Thursday, October 10, 2019

Maxim and Causality

A Maxim is a special case of Prescriptive Reason, and its two-term structure that privileges the second term, i. e. Means-End, is not common to all cases.  For example, a recipe is often constituted by multiple steps, and even if it has a culminating step, the entire process is enjoyed without privileging the final step.  Indeed, instructions for a dance have no culminating moment.  So, in these cases, the Causality of the Prescription is not Teleological, thereby suggesting that, contrary to the standard interpretation, neither is the Causality of a Maxim. Instead, the general cases demonstrate that a Prescription functions as the Formal Cause of the enactment, unifying a sequence of motions.

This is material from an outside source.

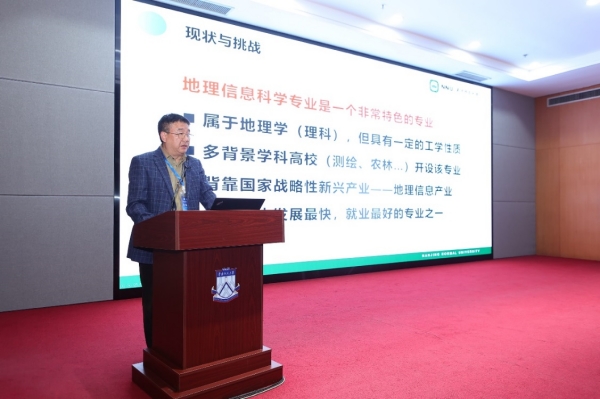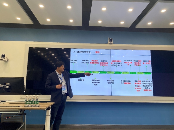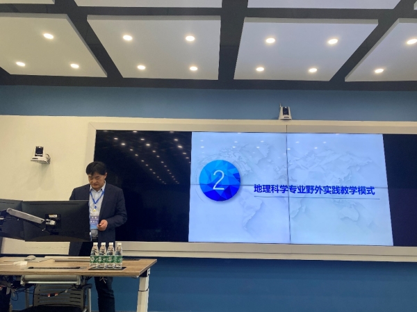 本次会议设地理学专业建设、教材与课程建设、人才培养体系、教学改革、野外实习和课程思政6个分论坛。李传武院长在地理学野外实习分会场作了题为“地方高校地理科学专业野外实践教学模式研究”的专题报告。报告展示了地理科学专业野外实践教学背景、我院地理科学专业野外实践教学模式和野外实践教学案例。以国家级地理科学一流本科专业建设点为契机,我院形成了野外实践教学系列课程资源、实践基地群与教学团队建设,形成了递进式多元化的实践教学体系和“1234”野外实践教学模式。以世界自然遗产、江苏农房改造、三农调研、江苏家庭农场调研等开展了野外实践教学,学生的野外实践能力得到了显著提升。

Furthermore, they demonstrate that it is not by the Teleological Causality of the final term that enactment is initiated.  Rather, it is by a second Causality that the process is mobilized, just as driving a car combines both accelerating and steering.  This second Causality has rarely been discerned, so has no traditional name, but it has been defined here as Material Causality, in distinction from the Aristotelian definition.  So, Rational behavior involves two Causes--Formal and Material--known to Kant as Legislative Will and Freedom of Choice, respectively.  But because he does not develop his concept of Acting on a Maxim methodically and meticulously, he does not know how they are systematically related, leaving them as loose ends in his doctrine.